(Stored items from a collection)
=====

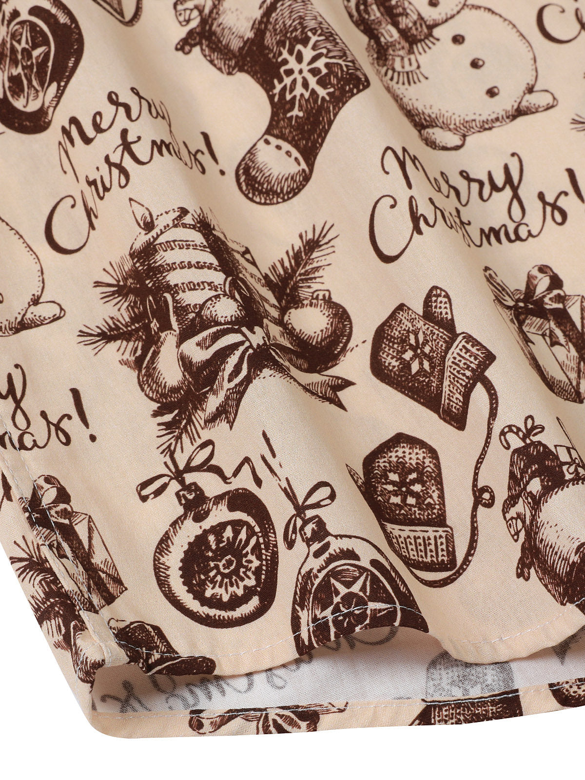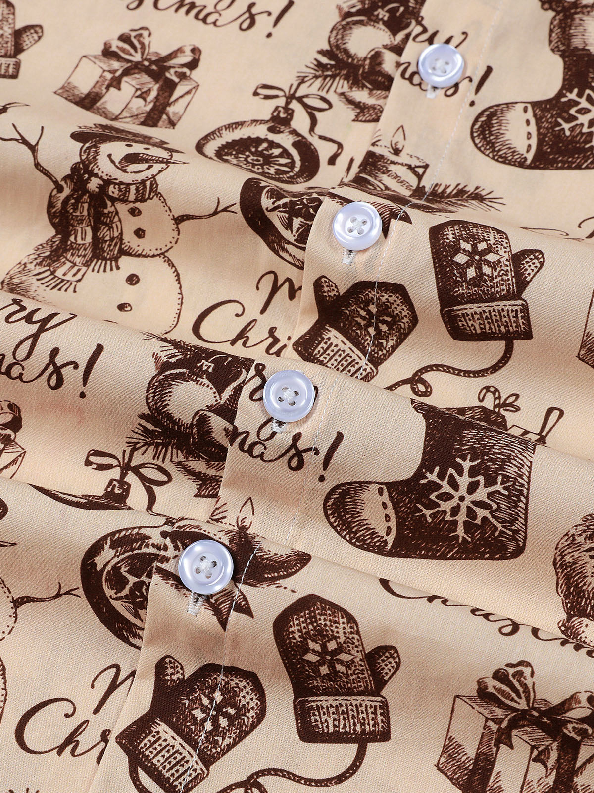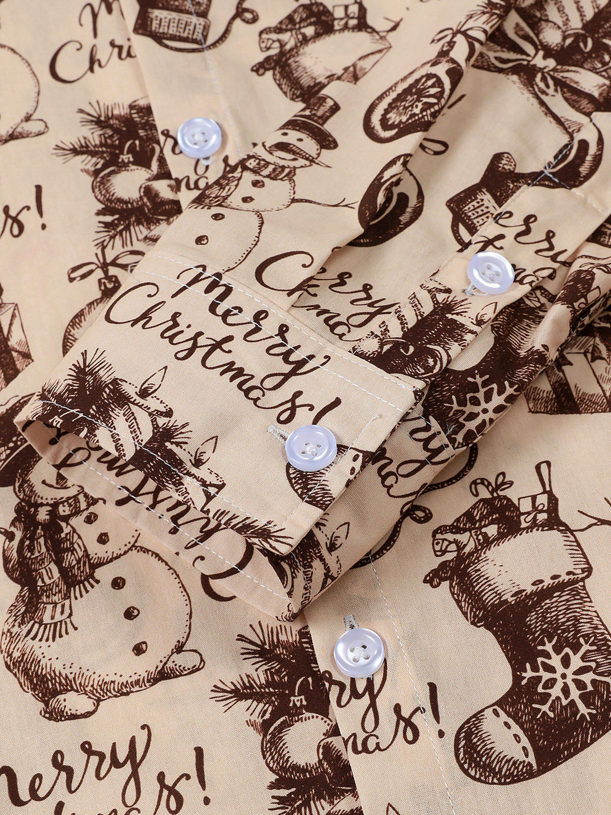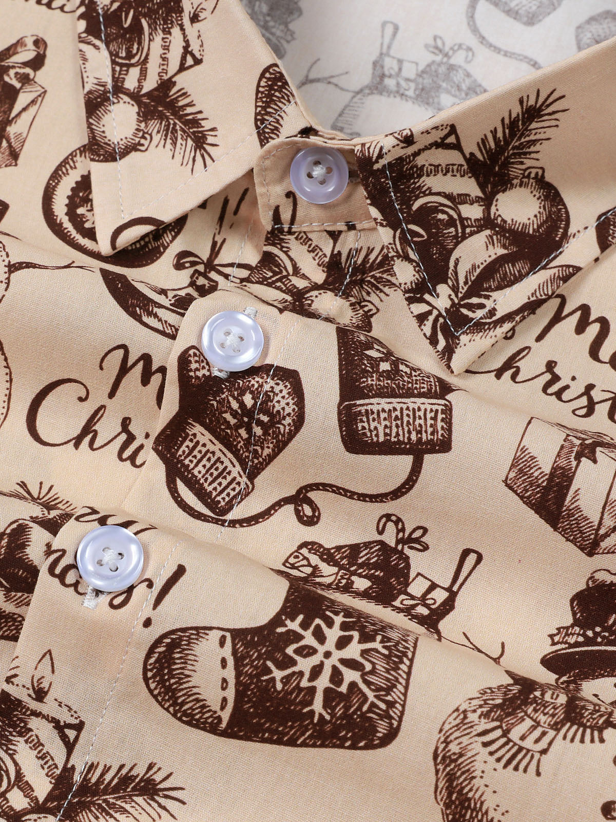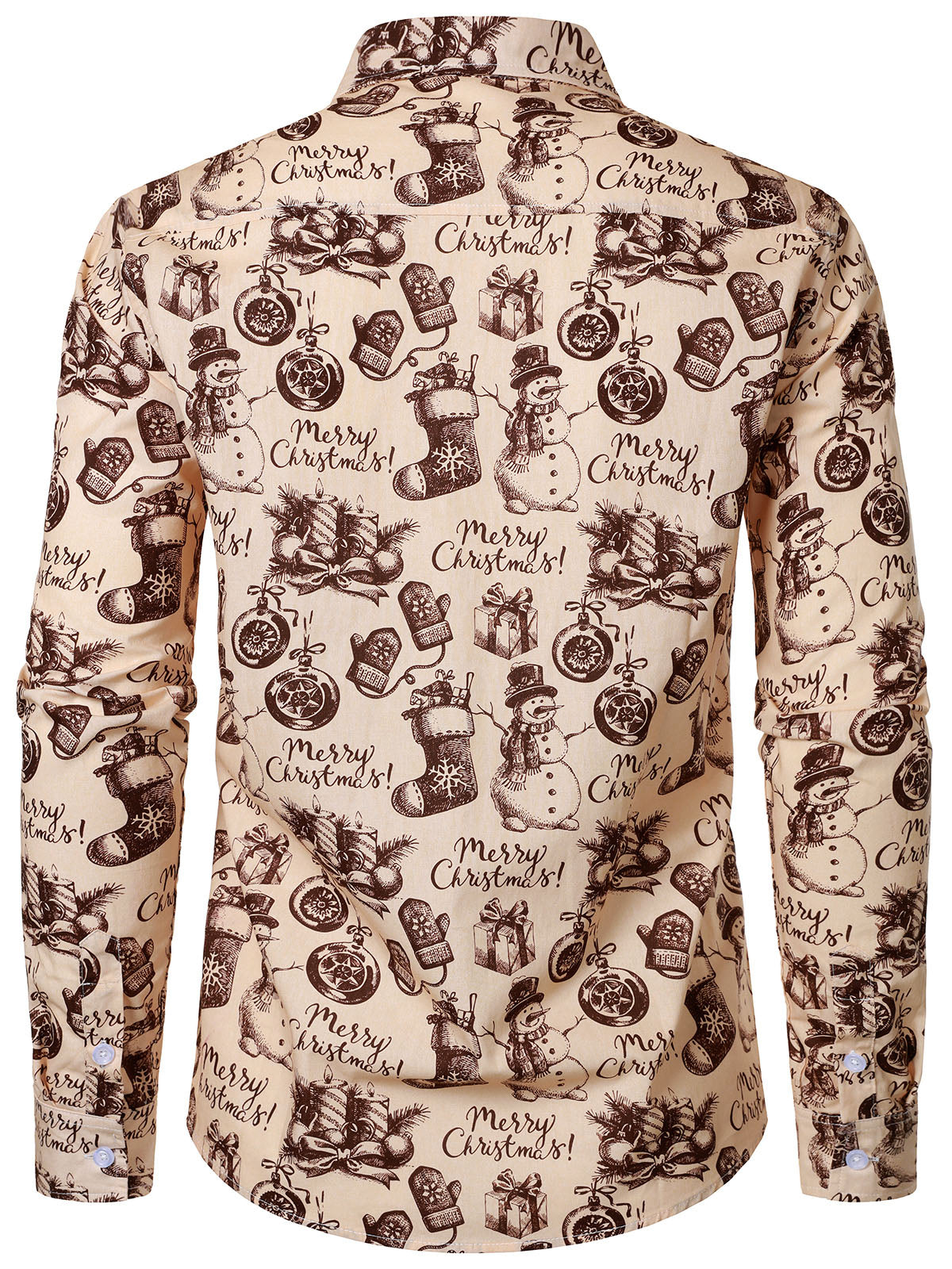 Chemise à manches longues beige vintage en coton pour homme, motif Noël
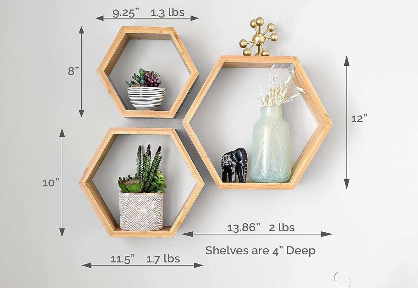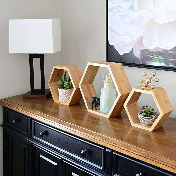 Home Decorative Set Of 3 Display Storage Hanging Bamboo Wooden Wall Mounted Hexagon Floating Shelves For Bedroom Living Room
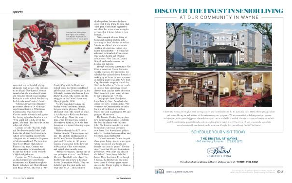 “ It ’ s been awesome for me the past three years , being close to home again where my parents and family and friends can come to games ,” Cornine says . “ Now that I live in Connecticut , people say , ‘ �hy don ’ t you play for the �hale� ’ New �ersey feels like home . I love that team . Even though I moved , the Riveters are my hometown team . It ’ s been a great experience sofar . Ihope to play for them as long as Ican .” ■
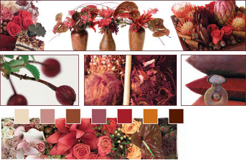 Texture drives design style in these close colors. Some flowers that support the look and feel are 'Moreno' and 'Gypsy Curiosa' Roses, Orange Lilies, 'Choco' and Red Anthuriums, Leucadendrons, Leucospermums, Kangaroo Paws, Celosia, Hypericum and Epidendron Orchids.
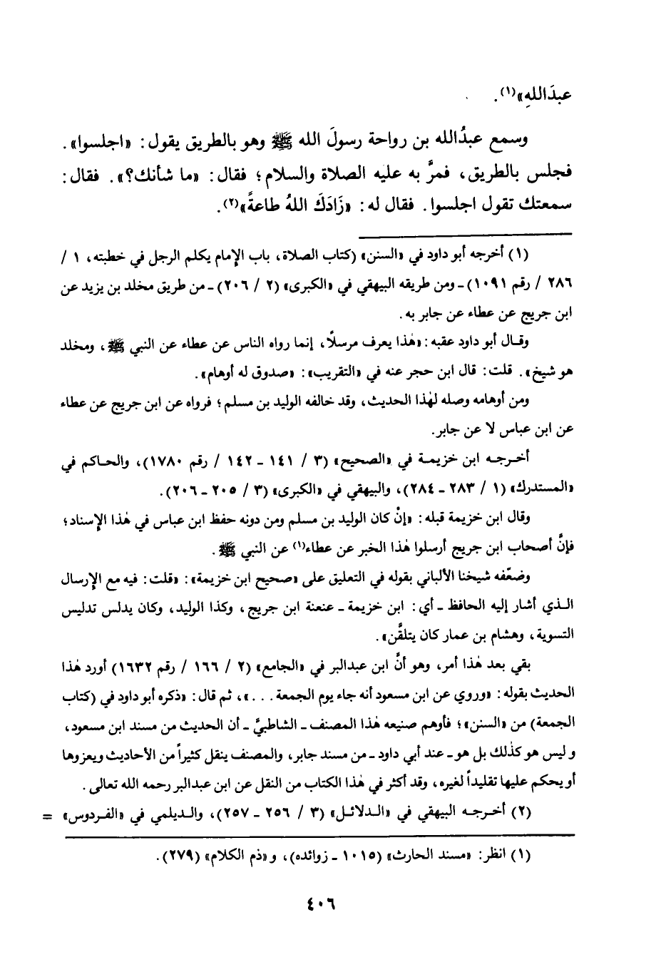بقي بعد هذا أمر، وهو أن ابن عبد البر في "الجامع" "2/ 166/ 1632" أورد هذا الحديث بقوله: "وروي عن ابن مسعود أنه جاء يوم الجمعة ... "، ثم قال: "ذكره أبو داود في "كتاب الجمعة" من "السنن"؛ فأوهم صنيعه هذا المصنف -الشاطبي- أن الحديث من مسند ابن مسعود، وليس هو كذلك بل هو -عن أبي داود- من مسند جابر، والمصنف ينقل كثيرًا من الأحاديث ويعزوها أو يحكم عليها تقليدًا لغيره، وقد أكثر في هذا الكتاب من النقل عن ابن عبد البر رحمه الله تعالى.

=====

**Exercise details:**
Set down again, exactly, every line above from the one with "Home Decorative Set" down to the one with "Texture drives design", both ends included. No pictures, and nothing else.

**Response to this task:**
 Home Decorative Set Of 3 Display Storage Hanging Bamboo Wooden Wall Mounted Hexagon Floating Shelves For Bedroom Living Room
 “ It ’ s been awesome for me the past three years , being close to home again where my parents and family and friends can come to games ,” Cornine says . “ Now that I live in Connecticut , people say , ‘ �hy don ’ t you play for the �hale� ’ New �ersey feels like home . I love that team . Even though I moved , the Riveters are my hometown team . It ’ s been a great experience sofar . Ihope to play for them as long as Ican .” ■
 Texture drives design style in these close colors. Some flowers that support the look and feel are 'Moreno' and 'Gypsy Curiosa' Roses, Orange Lilies, 'Choco' and Red Anthuriums, Leucadendrons, Leucospermums, Kangaroo Paws, Celosia, Hypericum and Epidendron Orchids.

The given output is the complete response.